The whole listing below is to be copied exactly, with every picture left out.

▶ [GIVEN DATA]
------------------------------

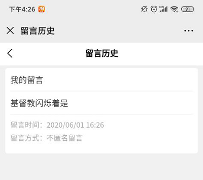點擊“留言歷史”可查看自己的歷史留言
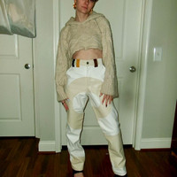 Barragan SS20 Runway leather lined patchwork pants. Super rare. 28in waist. OBSESSED with these but they don’t fit which is tragic. Barragan is known for fusing genderless tailoring with sculptural designs into club wear. love it. see runway photo for reference.
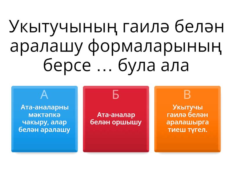 1) Укытучының гаилә белән аралашу формаларының берсе … була ала a) Ата-аналарны мәктәпкә чакыру, алар белән аралашу b) Ата-аналар белән оршышу c) Укытучы гаилә белән аралашырга тиеш түгел. 2) Коллектив эш формаларына түбәндәге вариантлар керә ала: a) Ата-аналарга ачулану, дәфтәр тикшерү, педсоветка йөрү; b) Ә) Ата-аналар жыелышы, концертлар, ачык ишекләр көне; c) Б) Расписание төзү, балаларга китап уку, балаларны ашханәгә озату. 3) "Как можно меньше вызовов в школу матерей и отцов для моральных нотаций детям, для устрашения сыновей отцовской "сильной рукой"...- и как можно больше такого духовного общения детей с родителями, которое приносит радость матерям и отцам.» сүзләрнең авторы a) К.Д. Ушинский; b) Ә) А.С. Макаренко; c) Б) В.А. Сухомлинский 4) Ата – аналар төркемнәре ... булырга мөмкин: a) ата-ана укытучы ярдәмчеләре; тәрбия эшендә ата-ана укытучының потенциаль ярдәмчеләре ;мәктәп тормышын аңламый яки аңларга теләмәүче ата-ана ; b) Ә) Мәктәп тормышын аңламый яки аңларга теләмәүче ата-ана гына бар; c) Б) Барлык ата-аналар укытучыга һәрвакыт булышып торалар. 5) Укытучының ата аналар һәм балалар белән эшчәнлеге өч төп юнәлешне үз эченә ала: a) андый юнәлешләр юк; b) Ә) ата-аналарга психологик-педагогик белем бирү,ата-аналарны укыту-тәрбия процессына җәлеп итү ,мәктәп тормышында катнашу; + c) Б) ата-аналарга психологик-педагогик белем бирмәү, мәктәп тормышында катнашу, дәфтәр тикшерү.
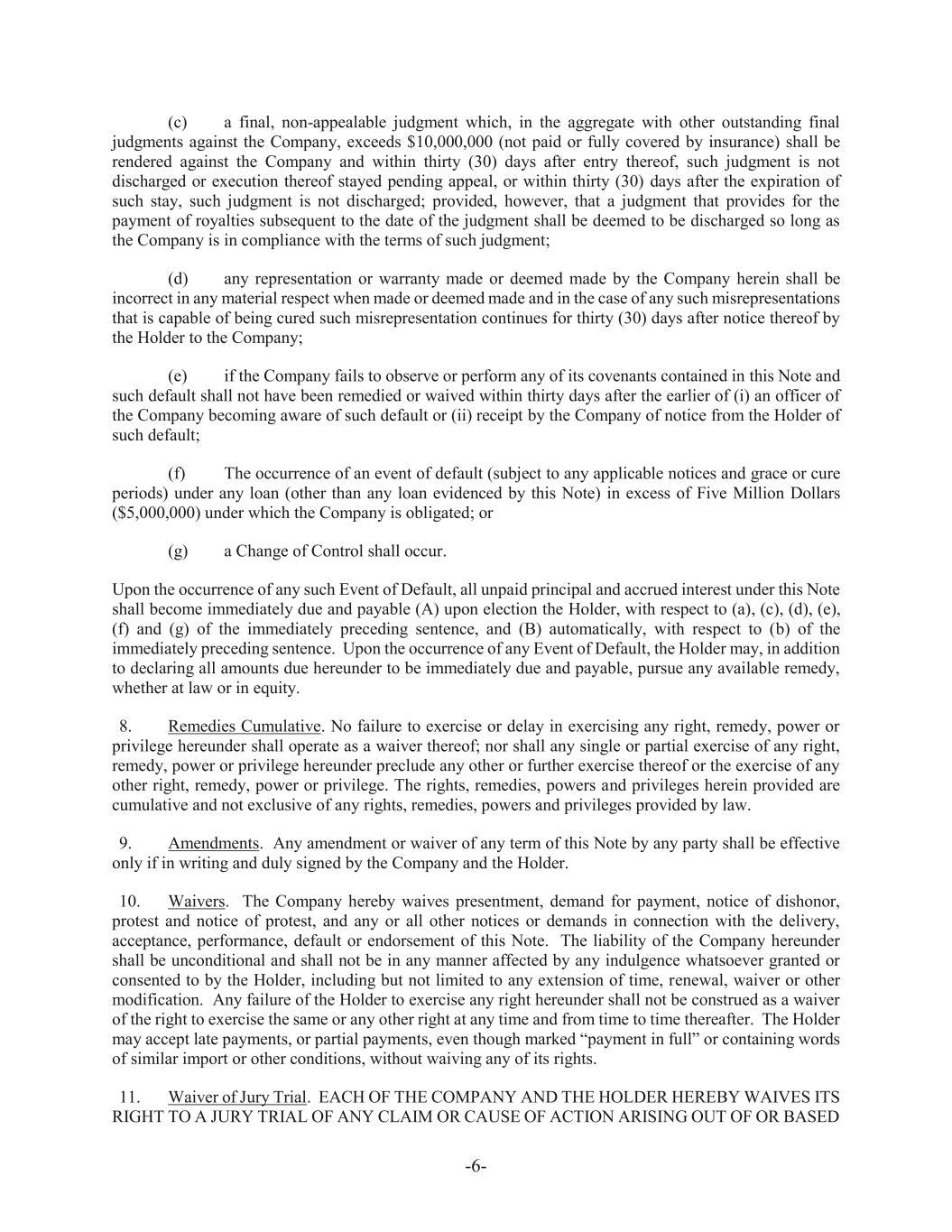 -6- (c) a final, non-appealable judgment which, in the aggregate with other outstanding final judgments against the Company, exceeds $10,000,000 (not paid or fully covered by insurance) shall be rendered against the Company and within thirty (30) days after entry thereof, such judgment is not discharged or execution thereof stayed pending appeal, or within thirty (30) days after the expiration of such stay, such judgment is not discharged; provided, however, that a judgment that provides for the payment of royalties subsequent to the date of the judgment shall be deemed to be discharged so long as the Company is in compliance with the terms of such judgment; (d) any representation or warranty made or deemed made by the Company herein shall be incorrect in any material respect when made or deemed made and in the case of any such misrepresentations that is capable of being cured such misrepresentation continues for thirty (30) days after notice thereof by the Holder to the Company; (e) if the Company fails to observe or perform any of its covenants contained in this Note and such default shall not have been remedied or waived within thirty days after the earlier of (i) an officer of the Company becoming aware of such default or (ii) receipt by the Company of notice from the Holder of such default; (f) The occurrence of an event of default (subject to any applicable notices and grace or cure periods) under any loan (other than any loan evidenced by this Note) in excess of Five Million Dollars ($5,000,000) under which the Company is obligated; or (g) a Change of Control shall occur. Upon the occurrence of any such Event of Default, all unpaid principal and accrued interest under this Note shall become immediately due and payable (A) upon election the Holder, with respect to (a), (c), (d), (e), (f) and (g) of the immediately preceding sentence, and (B) automatically, with respect to (b) of the immediately preceding sentence. Upon the occurrence of any Event of Default, the Holder may, in addition to declaring all amounts due hereunder to be immediately due and payable, pursue any available remedy, whether at law or in equity. 8. Remedies Cumulative. No failure to exercise or delay in exercising any right, remedy, power or privilege hereunder shall operate as a waiver thereof; nor shall any single or partial exercise of any right, remedy, power or privilege hereunder preclude any other or further exercise thereof or the exercise of any other right, remedy, power or privilege. The rights, remedies, powers and privileges herein provided are cumulative and not exclusive of any rights, remedies, powers and privileges provided by law. 9. Amendments. Any amendment or waiver of any term of this Note by any party shall be effective only if in writing and duly signed by the Company and the Holder. 10. Waivers. The Company hereby waives presentment, demand for payment, notice of dishonor, protest and notice of protest, and any or all other notices or demands in connection with the delivery, acceptance, performance, default or endorsement of this Note. The liability of the Company hereunder shall be unconditional and shall not be in any manner affected by any indulgence whatsoever granted or consented to by the Holder, including but not limited to any extension of time, renewal, waiver or other modification. Any failure of the Holder to exercise any right hereunder shall not be construed as a waiver of the right to exercise the same or any other right at any time and from time to time thereafter. The Holder may accept late payments, or partial payments, even though marked “payment in full” or containing words of similar import or other conditions, without waiving any of its rights. 11. Waiver of Jury Trial. EACH OF THE COMPANY AND THE HOLDER HEREBY WAIVES ITS RIGHT TO A JURY TRIAL OF ANY CLAIM OR CAUSE OF ACTION ARISING OUT OF OR BASED

------------------------------

▶ [ANSWER SECTION]
點擊“留言歷史”可查看自己的歷史留言
 Barragan SS20 Runway leather lined patchwork pants. Super rare. 28in waist. OBSESSED with these but they don’t fit which is tragic. Barragan is known for fusing genderless tailoring with sculptural designs into club wear. love it. see runway photo for reference.
 1) Укытучының гаилә белән аралашу формаларының берсе … була ала a) Ата-аналарны мәктәпкә чакыру, алар белән аралашу b) Ата-аналар белән оршышу c) Укытучы гаилә белән аралашырга тиеш түгел. 2) Коллектив эш формаларына түбәндәге вариантлар керә ала: a) Ата-аналарга ачулану, дәфтәр тикшерү, педсоветка йөрү; b) Ә) Ата-аналар жыелышы, концертлар, ачык ишекләр көне; c) Б) Расписание төзү, балаларга китап уку, балаларны ашханәгә озату. 3) "Как можно меньше вызовов в школу матерей и отцов для моральных нотаций детям, для устрашения сыновей отцовской "сильной рукой"...- и как можно больше такого духовного общения детей с родителями, которое приносит радость матерям и отцам.» сүзләрнең авторы a) К.Д. Ушинский; b) Ә) А.С. Макаренко; c) Б) В.А. Сухомлинский 4) Ата – аналар төркемнәре ... булырга мөмкин: a) ата-ана укытучы ярдәмчеләре; тәрбия эшендә ата-ана укытучының потенциаль ярдәмчеләре ;мәктәп тормышын аңламый яки аңларга теләмәүче ата-ана ; b) Ә) Мәктәп тормышын аңламый яки аңларга теләмәүче ата-ана гына бар; c) Б) Барлык ата-аналар укытучыга һәрвакыт булышып торалар. 5) Укытучының ата аналар һәм балалар белән эшчәнлеге өч төп юнәлешне үз эченә ала: a) андый юнәлешләр юк; b) Ә) ата-аналарга психологик-педагогик белем бирү,ата-аналарны укыту-тәрбия процессына җәлеп итү ,мәктәп тормышында катнашу; + c) Б) ата-аналарга психологик-педагогик белем бирмәү, мәктәп тормышында катнашу, дәфтәр тикшерү.
 -6- (c) a final, non-appealable judgment which, in the aggregate with other outstanding final judgments against the Company, exceeds $10,000,000 (not paid or fully covered by insurance) shall be rendered against the Company and within thirty (30) days after entry thereof, such judgment is not discharged or execution thereof stayed pending appeal, or within thirty (30) days after the expiration of such stay, such judgment is not discharged; provided, however, that a judgment that provides for the payment of royalties subsequent to the date of the judgment shall be deemed to be discharged so long as the Company is in compliance with the terms of such judgment; (d) any representation or warranty made or deemed made by the Company herein shall be incorrect in any material respect when made or deemed made and in the case of any such misrepresentations that is capable of being cured such misrepresentation continues for thirty (30) days after notice thereof by the Holder to the Company; (e) if the Company fails to observe or perform any of its covenants contained in this Note and such default shall not have been remedied or waived within thirty days after the earlier of (i) an officer of the Company becoming aware of such default or (ii) receipt by the Company of notice from the Holder of such default; (f) The occurrence of an event of default (subject to any applicable notices and grace or cure periods) under any loan (other than any loan evidenced by this Note) in excess of Five Million Dollars ($5,000,000) under which the Company is obligated; or (g) a Change of Control shall occur. Upon the occurrence of any such Event of Default, all unpaid principal and accrued interest under this Note shall become immediately due and payable (A) upon election the Holder, with respect to (a), (c), (d), (e), (f) and (g) of the immediately preceding sentence, and (B) automatically, with respect to (b) of the immediately preceding sentence. Upon the occurrence of any Event of Default, the Holder may, in addition to declaring all amounts due hereunder to be immediately due and payable, pursue any available remedy, whether at law or in equity. 8. Remedies Cumulative. No failure to exercise or delay in exercising any right, remedy, power or privilege hereunder shall operate as a waiver thereof; nor shall any single or partial exercise of any right, remedy, power or privilege hereunder preclude any other or further exercise thereof or the exercise of any other right, remedy, power or privilege. The rights, remedies, powers and privileges herein provided are cumulative and not exclusive of any rights, remedies, powers and privileges provided by law. 9. Amendments. Any amendment or waiver of any term of this Note by any party shall be effective only if in writing and duly signed by the Company and the Holder. 10. Waivers. The Company hereby waives presentment, demand for payment, notice of dishonor, protest and notice of protest, and any or all other notices or demands in connection with the delivery, acceptance, performance, default or endorsement of this Note. The liability of the Company hereunder shall be unconditional and shall not be in any manner affected by any indulgence whatsoever granted or consented to by the Holder, including but not limited to any extension of time, renewal, waiver or other modification. Any failure of the Holder to exercise any right hereunder shall not be construed as a waiver of the right to exercise the same or any other right at any time and from time to time thereafter. The Holder may accept late payments, or partial payments, even though marked “payment in full” or containing words of similar import or other conditions, without waiving any of its rights. 11. Waiver of Jury Trial. EACH OF THE COMPANY AND THE HOLDER HEREBY WAIVES ITS RIGHT TO A JURY TRIAL OF ANY CLAIM OR CAUSE OF ACTION ARISING OUT OF OR BASED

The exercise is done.